> **Prompt**:
Stop after the line that contains "- UV Protected: Crafted". Until then, retype each line of the entries exactly from the first one, skipping pictures.

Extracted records
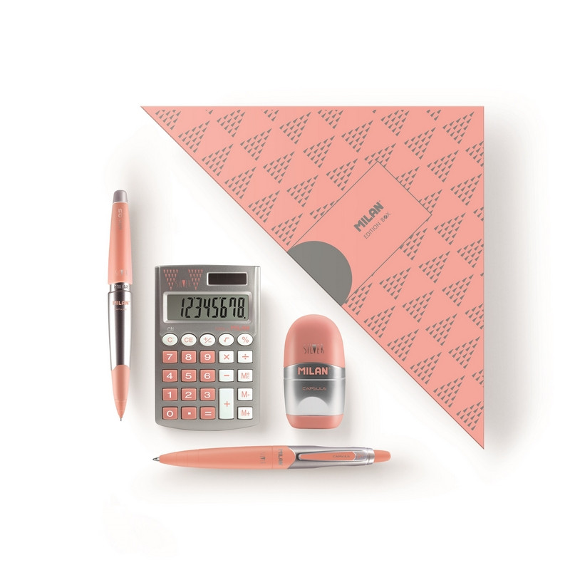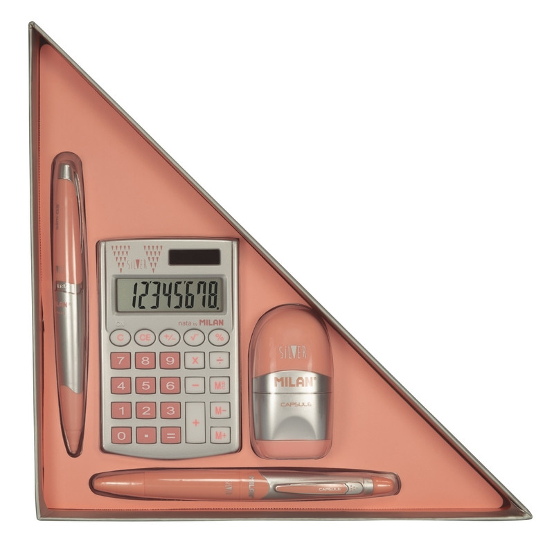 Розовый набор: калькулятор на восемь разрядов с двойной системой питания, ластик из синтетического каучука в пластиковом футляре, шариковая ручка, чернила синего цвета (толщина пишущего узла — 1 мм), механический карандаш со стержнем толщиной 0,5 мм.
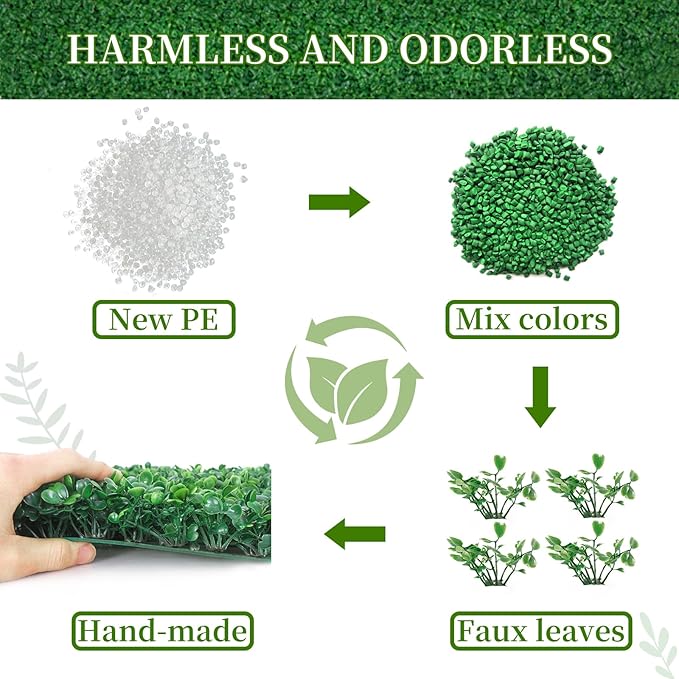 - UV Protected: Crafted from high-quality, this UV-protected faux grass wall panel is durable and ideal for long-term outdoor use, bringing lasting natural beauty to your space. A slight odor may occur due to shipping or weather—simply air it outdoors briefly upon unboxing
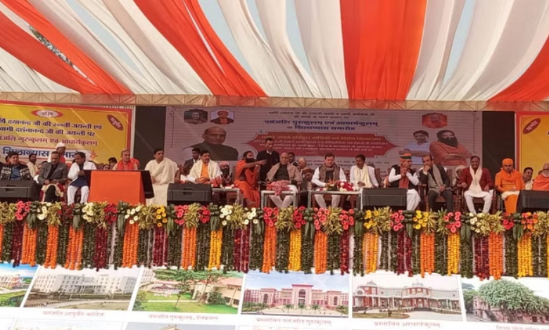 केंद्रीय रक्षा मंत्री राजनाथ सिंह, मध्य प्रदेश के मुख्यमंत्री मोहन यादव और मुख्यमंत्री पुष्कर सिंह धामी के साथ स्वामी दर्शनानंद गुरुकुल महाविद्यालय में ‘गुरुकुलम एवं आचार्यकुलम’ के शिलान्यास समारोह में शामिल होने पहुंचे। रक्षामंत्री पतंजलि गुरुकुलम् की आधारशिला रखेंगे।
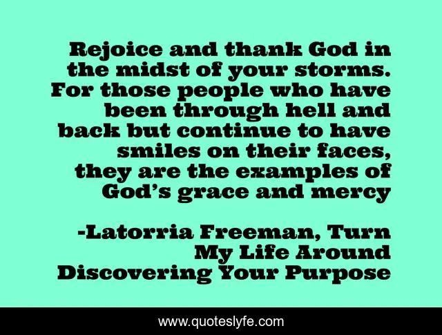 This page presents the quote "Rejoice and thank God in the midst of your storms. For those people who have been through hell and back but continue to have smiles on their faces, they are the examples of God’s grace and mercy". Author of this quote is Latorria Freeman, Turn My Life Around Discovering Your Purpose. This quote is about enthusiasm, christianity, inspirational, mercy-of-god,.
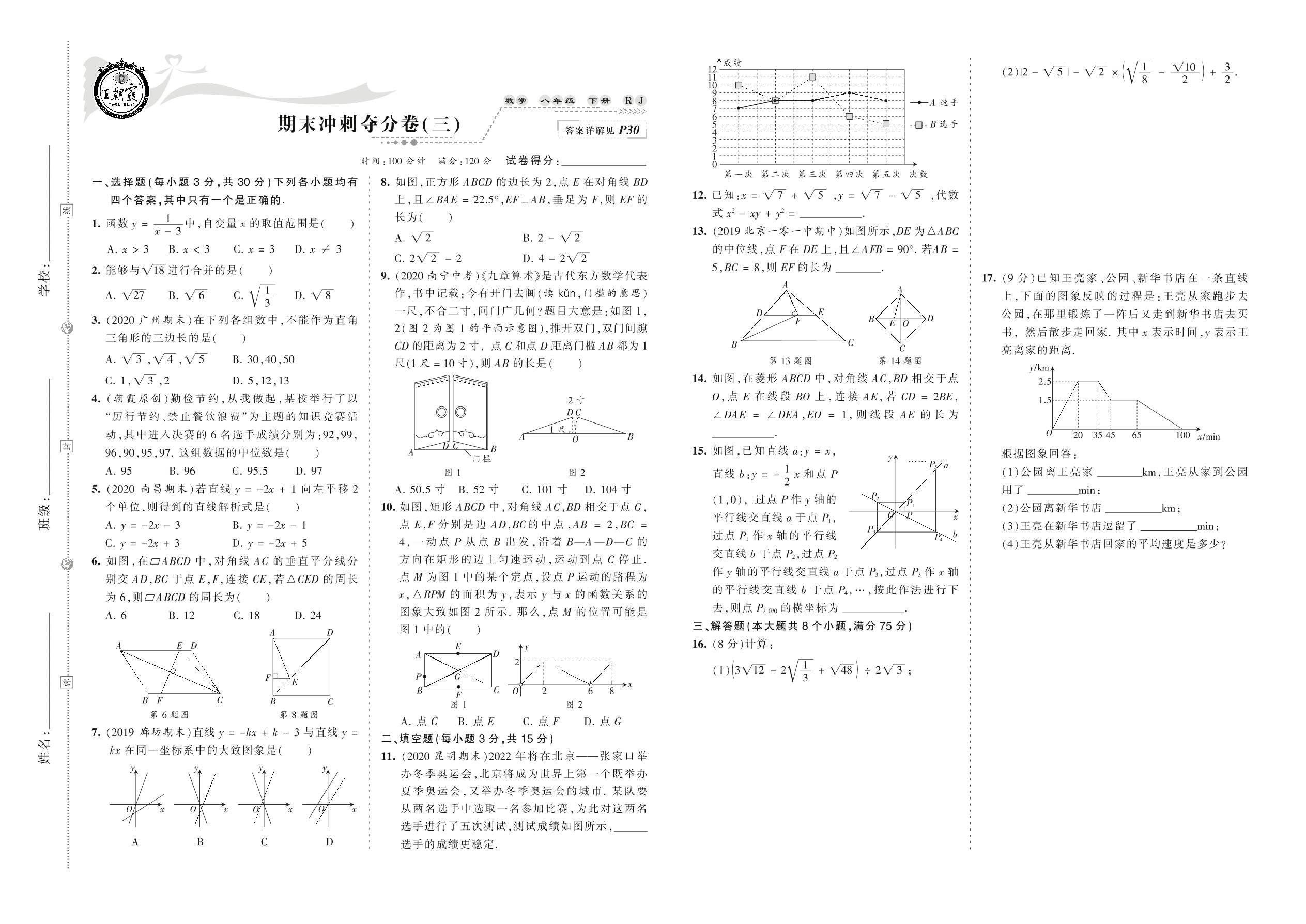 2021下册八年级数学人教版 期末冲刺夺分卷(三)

> **Response area**:
 Розовый набор: калькулятор на восемь разрядов с двойной системой питания, ластик из синтетического каучука в пластиковом футляре, шариковая ручка, чернила синего цвета (толщина пишущего узла — 1 мм), механический карандаш со стержнем толщиной 0,5 мм.
 - UV Protected: Crafted from high-quality, this UV-protected faux grass wall panel is durable and ideal for long-term outdoor use, bringing lasting natural beauty to your space. A slight odor may occur due to shipping or weather—simply air it outdoors briefly upon unboxing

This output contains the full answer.